:: WHAT IS REQUIRED ::
In the records below, repeat exactly the lines between the line holding "Đại diện Ban" and the line holding "자다가 일어나서 알키우고", inclusive, and drop the pictures.

:: DATASET EXTRACT ::
Start of Block

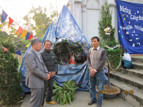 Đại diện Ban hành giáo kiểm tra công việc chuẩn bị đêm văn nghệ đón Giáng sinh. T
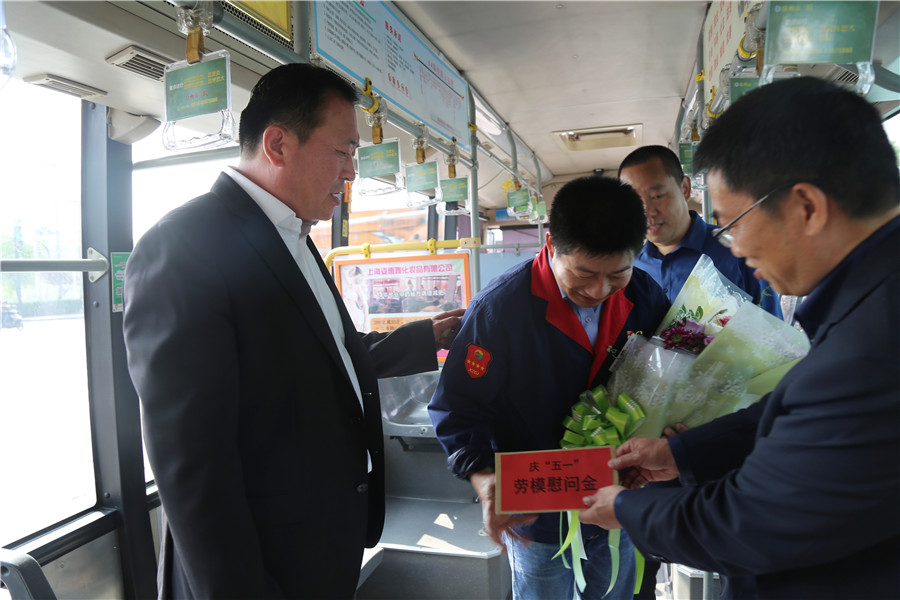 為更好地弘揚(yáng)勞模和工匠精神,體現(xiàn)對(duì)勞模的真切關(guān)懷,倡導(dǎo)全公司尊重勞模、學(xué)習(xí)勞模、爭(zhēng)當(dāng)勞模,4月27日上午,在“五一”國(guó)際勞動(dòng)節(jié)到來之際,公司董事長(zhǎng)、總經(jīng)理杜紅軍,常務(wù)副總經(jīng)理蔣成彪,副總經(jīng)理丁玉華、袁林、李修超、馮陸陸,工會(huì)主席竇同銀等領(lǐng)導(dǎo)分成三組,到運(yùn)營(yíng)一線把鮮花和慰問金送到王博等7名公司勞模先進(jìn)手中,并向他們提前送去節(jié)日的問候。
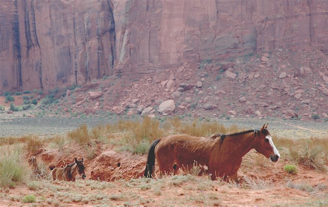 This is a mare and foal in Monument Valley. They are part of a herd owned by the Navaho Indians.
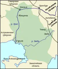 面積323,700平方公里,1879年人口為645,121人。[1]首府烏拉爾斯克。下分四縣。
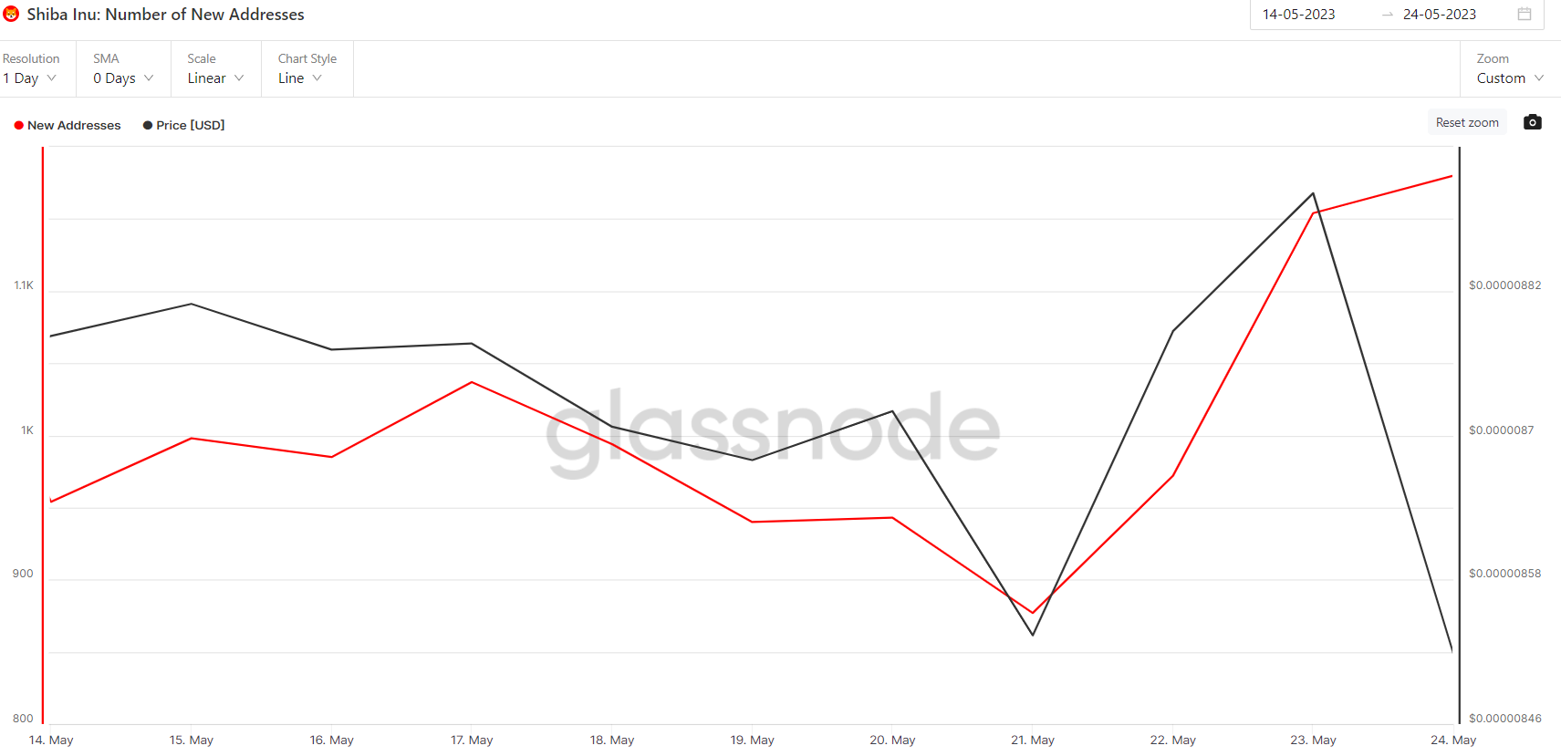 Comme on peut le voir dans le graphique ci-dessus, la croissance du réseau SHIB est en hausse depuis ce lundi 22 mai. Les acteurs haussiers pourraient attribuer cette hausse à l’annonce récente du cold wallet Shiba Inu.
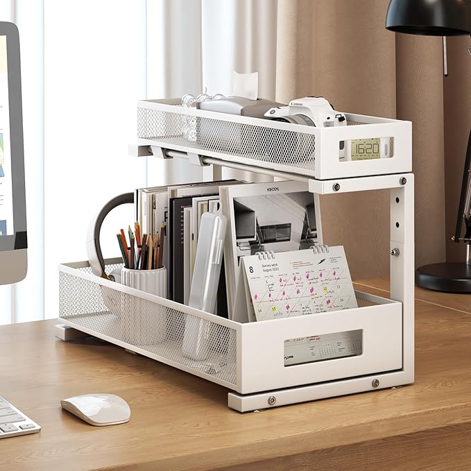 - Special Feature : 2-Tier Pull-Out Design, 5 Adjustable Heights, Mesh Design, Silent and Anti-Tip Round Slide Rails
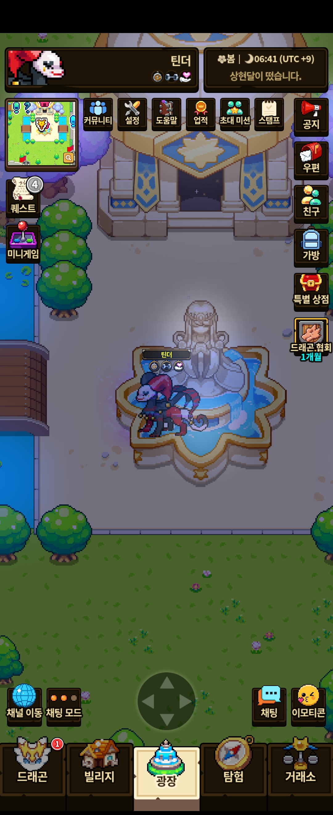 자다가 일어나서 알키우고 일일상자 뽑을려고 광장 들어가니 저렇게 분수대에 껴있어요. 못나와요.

End of Block
Start of Block

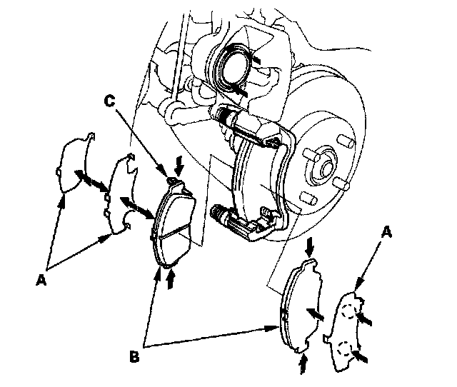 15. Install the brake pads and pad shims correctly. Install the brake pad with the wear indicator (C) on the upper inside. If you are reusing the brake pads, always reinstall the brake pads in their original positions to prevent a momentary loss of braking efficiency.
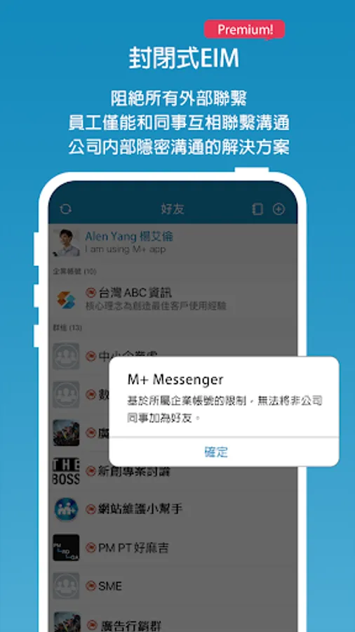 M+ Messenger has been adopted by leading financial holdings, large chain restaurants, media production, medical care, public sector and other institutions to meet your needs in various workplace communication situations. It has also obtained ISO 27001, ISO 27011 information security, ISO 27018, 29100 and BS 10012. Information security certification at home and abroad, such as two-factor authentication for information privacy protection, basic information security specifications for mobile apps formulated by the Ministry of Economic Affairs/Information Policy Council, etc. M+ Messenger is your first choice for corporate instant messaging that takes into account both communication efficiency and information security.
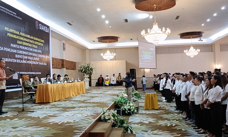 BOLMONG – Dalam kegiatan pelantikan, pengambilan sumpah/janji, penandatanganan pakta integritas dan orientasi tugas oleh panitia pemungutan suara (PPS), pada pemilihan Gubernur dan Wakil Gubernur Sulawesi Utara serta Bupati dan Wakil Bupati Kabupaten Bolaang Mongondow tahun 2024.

End of Block

:: SOLVED EXERCISE ::
 Đại diện Ban hành giáo kiểm tra công việc chuẩn bị đêm văn nghệ đón Giáng sinh. T
 為更好地弘揚(yáng)勞模和工匠精神,體現(xiàn)對(duì)勞模的真切關(guān)懷,倡導(dǎo)全公司尊重勞模、學(xué)習(xí)勞模、爭(zhēng)當(dāng)勞模,4月27日上午,在“五一”國(guó)際勞動(dòng)節(jié)到來之際,公司董事長(zhǎng)、總經(jīng)理杜紅軍,常務(wù)副總經(jīng)理蔣成彪,副總經(jīng)理丁玉華、袁林、李修超、馮陸陸,工會(huì)主席竇同銀等領(lǐng)導(dǎo)分成三組,到運(yùn)營(yíng)一線把鮮花和慰問金送到王博等7名公司勞模先進(jìn)手中,并向他們提前送去節(jié)日的問候。
 This is a mare and foal in Monument Valley. They are part of a herd owned by the Navaho Indians.
 面積323,700平方公里,1879年人口為645,121人。[1]首府烏拉爾斯克。下分四縣。
 Comme on peut le voir dans le graphique ci-dessus, la croissance du réseau SHIB est en hausse depuis ce lundi 22 mai. Les acteurs haussiers pourraient attribuer cette hausse à l’annonce récente du cold wallet Shiba Inu.
 - Special Feature : 2-Tier Pull-Out Design, 5 Adjustable Heights, Mesh Design, Silent and Anti-Tip Round Slide Rails
 자다가 일어나서 알키우고 일일상자 뽑을려고 광장 들어가니 저렇게 분수대에 껴있어요. 못나와요.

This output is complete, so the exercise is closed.